Tal-Gan Research Group
Chemistry Department
University of Nevada, Reno
Research
Background
The rise in infections caused by multi-drug resistant pathogens is of major concern to public health worldwide. The increased rate of antibiotic resistance development is attributed to the massive use of antibiotics, all of which target essential pathways for bacterial survival. The use of these targets imposes a direct selection pressure on the bacteria for the development of antibiotic resistance. This existential crisis is propelling research endeavors toward the discovery and development of novel solutions to multi-drug resistant bacteria.
Figure 1: Selection for antibiotic-resistant bacteria. (a) Antibiotic treatment begins with the introduction of an antibiotic into an environment with both antibiotic-susceptible (blue) and antibiotic-resistant (red) bacterial species. (b) The antibiotic decimates antibiotic-susceptible species, while allowing antibiotic-resistant species to survive. (c) This resistant species thrives and proliferates in a now resource-rich environment free of antibiotic-susceptible species. (d) Resistant strains maintain the ability to transfer resistance genes to neighboring species.
The Tal-Gan lab group explores Streptococcal quorum sensing through a multifaceted lens. Quorum sensing is a cell-cell signaling mechanism that enables bacteria to assess their cell density in a given environment; and at a high population density, synchronize the transcription of genes associated with group-behavior phenotypes. Streptococcal QS circuits are centered around the production, secretion, and detection of peptide signals (termed autoinducers). The peptide signal concentration is directly proportionate to the population density. As the bacteria reach a critical concentration indicative of a high population density, quorum sensing peptides activate a membrane-bound receptor leading to the transcription of group behavior genes. Because many pathogens utilize quorum sensing to initiate and synchronize their attack on the host, in a process called virulence, quorum sensing interference can be used to reduce or eliminate bacterial pathogenicity without leading to resistance.

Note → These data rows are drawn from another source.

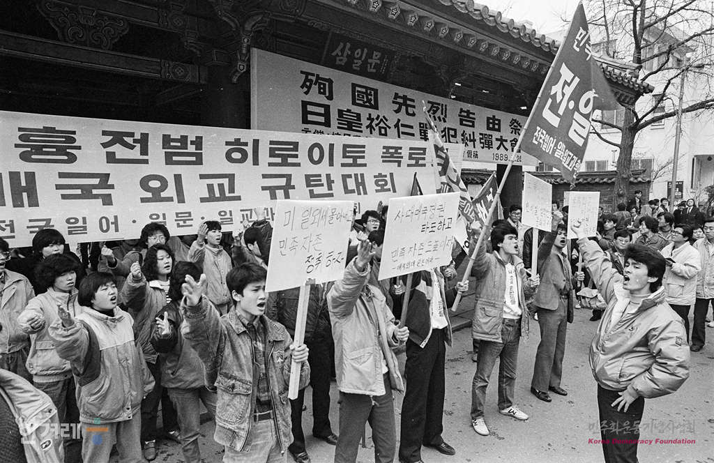 - 1989년 2월 24일 오후2시 민청련 등 9개 재야 청년단체와 민주노인회 및 전국 일어 일문 일어교육과 학생회연합회 회원 등 4백여명은 서울 종로구 파고다공원에서 민족학살 원흉 전법 히로히토 폭로 및 사대매국외교 규탄대회를 갖고 조문사절 파견을 비난하는 시위를 벌이고 있다.
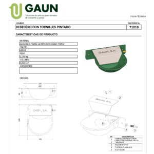 BEBEDERO ALUMINIO PINTADO CON TORNILLOS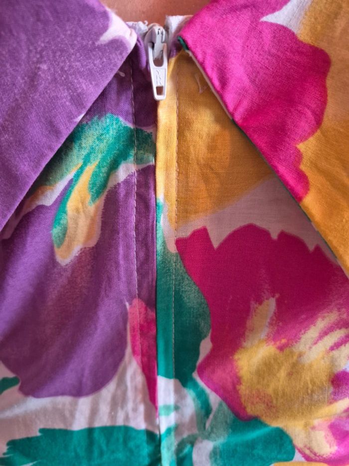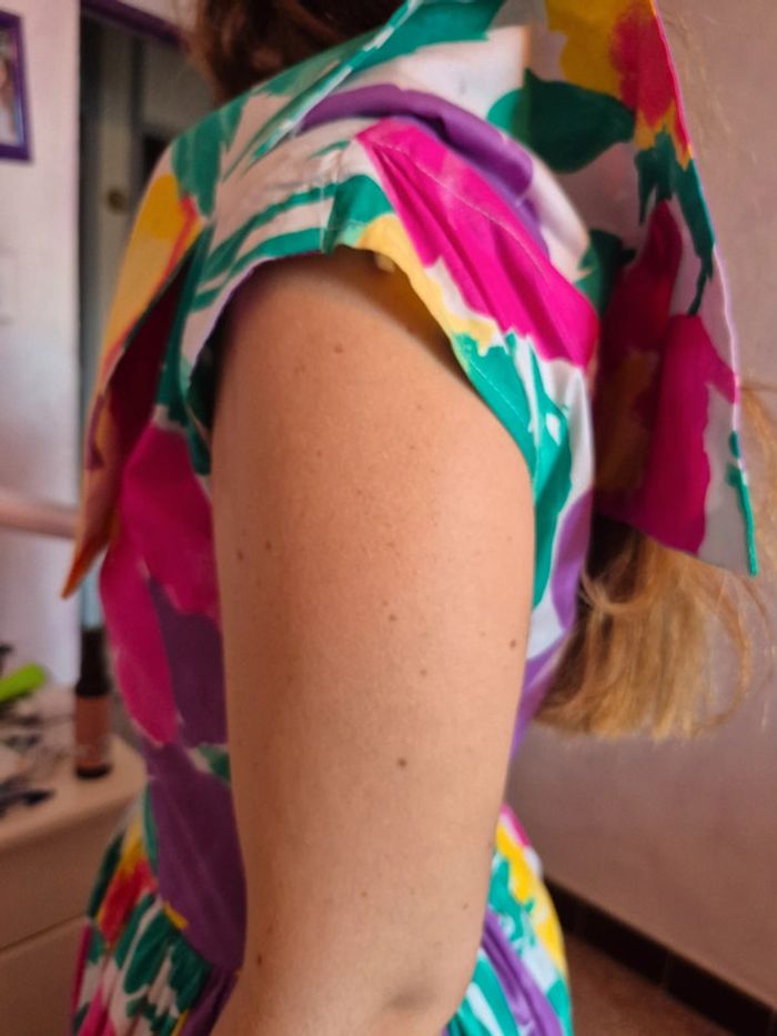 Robe multicolor acheté dans une boutique indépendante, la taille est du SM je n'ai plus l'étiquette donc voici les mesures a plat (sachant que je porte habituellement du S M et je mesure 1m50) Épaule à épaule 28cm Taille 35.5cm Longueur 100.5cm Doublure comme un jupon Fermeture eclair sur le côté Plus d'étiquette pour la matière désolé. #papillonduvarrobe #papillonduvarfemme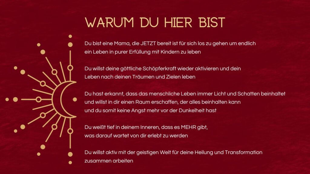 Ich erstelle nach und nach transformative kleine und große Onlinekurse zum Thema kraftvolles Mama Sein, Arbeiten mit der geistigen Welt und Ritualen, die dich bei bedeutenden Übergängen wirkungsvoll unterstützen können.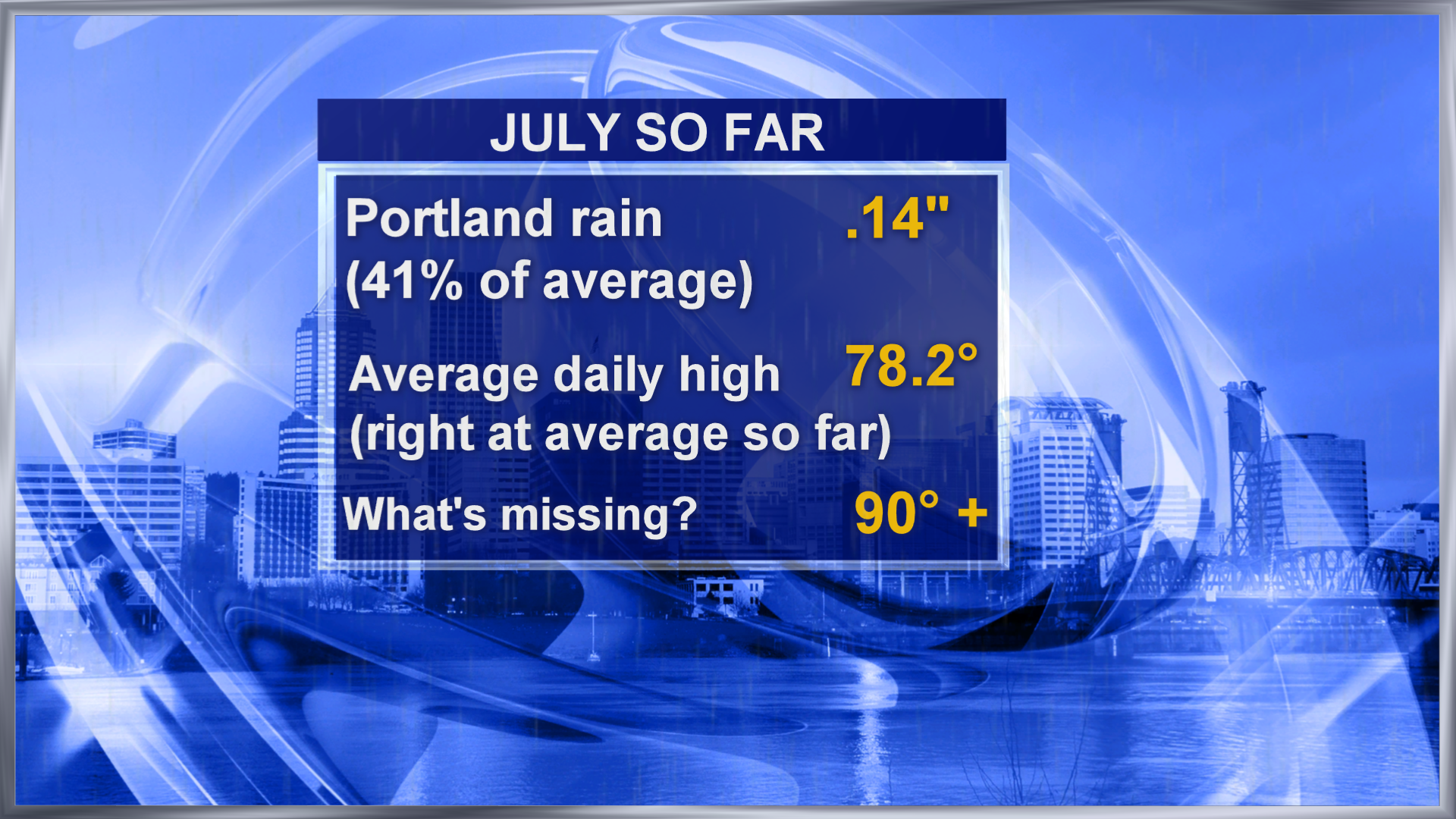 But missing is something hot weather lovers like myself have really noticed: uh, hot weather! Typically, Portland sees it’s first 90 degree day of the year by mid-late June. Now here we are, mid-July, with no 90s in sight.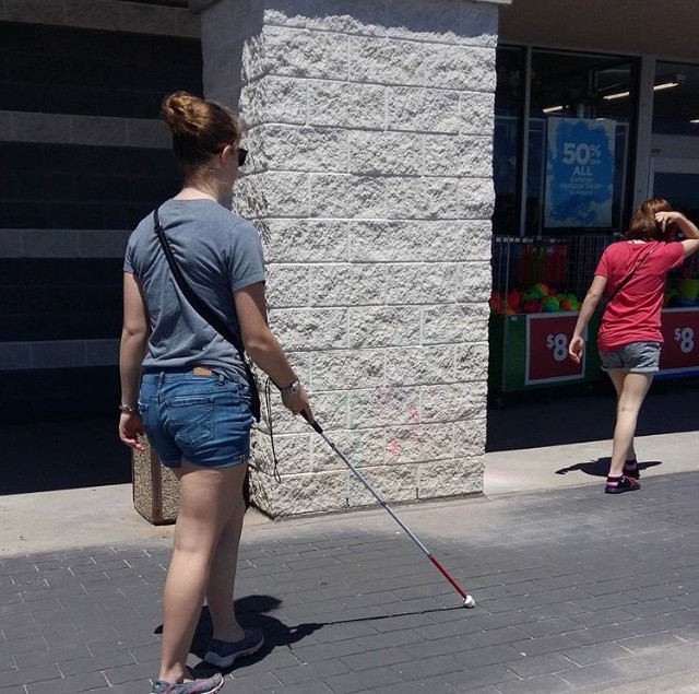 Ok, so! To get right to the point, I'm Emilee. I am visually impaired as well as colour blind and have light sensitivity. I use a cane outside and when I travel independently. I am a very physically active person and I encourage you to check out more of my stories on this platform, but one of my other favorite things to do is shop and here's how!

Figure 2: Streptococci quorum sensing circuit: a) ComC is processed by ComAB. b) The mature competence stimulating peptide (CSP) is secreted. c) CSP binds the transmembrane receptor ComD. d) ComD phosphorylates ComE. e) ComE autoactivates the CSP quorum sensing circuit and upregulates the expression of genes involved in biofilm formation and attaining genetic competence, through ComX.

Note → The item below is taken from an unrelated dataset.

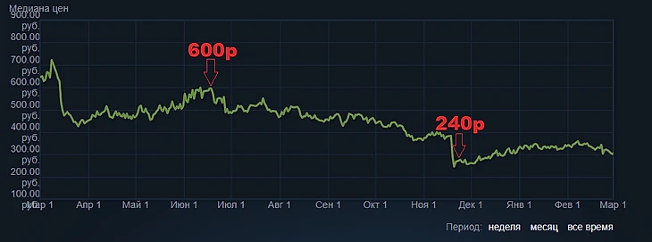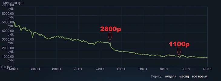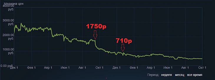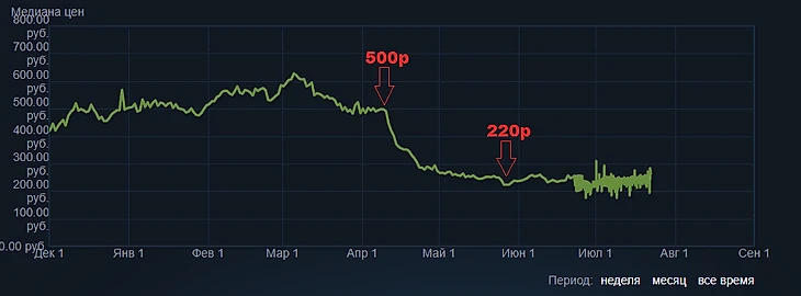 Вот так выглядел график цен на AK-47 Колымага. Стоимость оружия упала примерно со 390 до 330 рублей. Немного, но достаточно, чтобы изменить весь рынок Steam. Подобное падение цен произошло со всеми популярными скинами.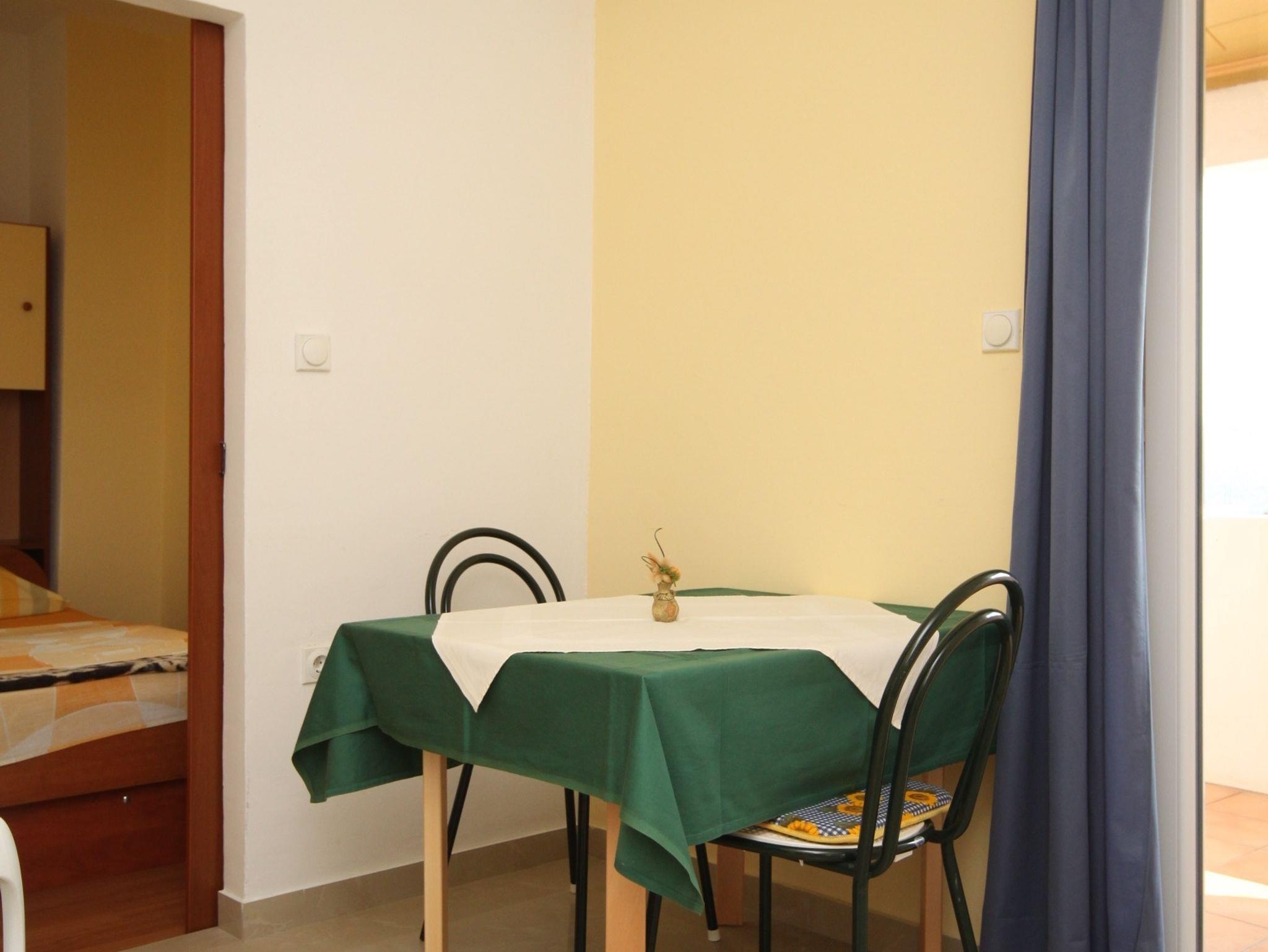 Ferienwohnung bietet Platz für 2 Gäste. Die Betten sind in Schlafzimmern, die es 1 gibt, innerhalb einer Gesamtfläche von 18m2, angeordnet. Die Gäste haben eine eigene Terrasse zur Verfügung, auf der sie in warmen Sommernächten genießen können. Das Apartment bietet Meerblick. Es ist erlaubt, Speisen auf dem Gemeinschafts-Grill vorzubereiten. IM PREIS INBEGRIFFEN: Kurtaxe, Endreinigung, Klimatisierung, Parkplatz, Internet, Wäschewaschen. VERBINDLICHE ZUSÄTZLICHE KOSTEN: Aufzahlung für Kurzaufenthalte (prozentualer Zuschlag pro Nächtigungsanzahl: 30% - 1, 20% - 2, 10% - 3). UNVERBINDLICHE ZUSÄTZLICHE KOSTEN: Frühstück (10,00 €, 50% Nachlass für Kinder zwischen 4 und 12 Jahren, Kinder bis 4 Jahre sind frei.), Halbpension (26,00 €, 50% Nachlass für Kinder zwischen 4 und 12 Jahren, Kinder bis 4 Jahre sind frei.), Zusatzbett (5,00 € pro Nacht). Die Verfügbarkeit zusätzlicher Dienstleistungen in Ihrem reservierten Termin und die Preise derselben (falls nicht aufgeführt) müssen im Voraus überprüft werden. Zusätzliche Dienstleistungen die in der Zahlungsaufforderung nicht aufgeführt sind werden direkt beim Vermieter bezahlt, angenommen der Gast nutzt auch diese.

Alternative approaches for antimicrobial therapy
Our interdisciplinary work resides at the intersection of organic chemistry, biochemistry, microbiology, and molecular biology. Our research efforts are focused on the development and analysis of peptide-based probes to study quorum sensing in streptococci. Using organic chemical methods, we have developed QS peptide analogs of native streptococcal QS peptides that effectively silence QS signaling. These molecules are potential candidates for therapeutic alternatives to antibiotics. Additionally, using molecular approaches, we analyze and manipulate quorum sensing peptide molecules and circuitry to understand binding dynamics that mediate downstream bacterial virulence and survival processes. Finally, using immunological approaches, we investigate how these systems influence the behaviors of host immune cells.
Figure 3: Image from Lella et al., 2022. A schematic workflow of our work with quorum sensing peptides (QSP) from Streptococcus pneumoniae. First, a peptide library is created with various substitutions in the native peptide sequence to see which has the highest affinity for the QSP receptor. Additionally, the peptides are synthesized with cyclic bridges which allow for higher stability of the peptide. Lead peptide candidates show a competitive inhibition of the QSP receptor. The helical structure is probed using CD spectroscopy, and IC50 and EC50 (the concentration at which the QSP causes 50% inhibition or 50% efficacy, respectively) are assayed. Finally, the lead peptide candidates are used in ‘in vivo’ mouse infection models to assess in vivo stability and survivability of the host.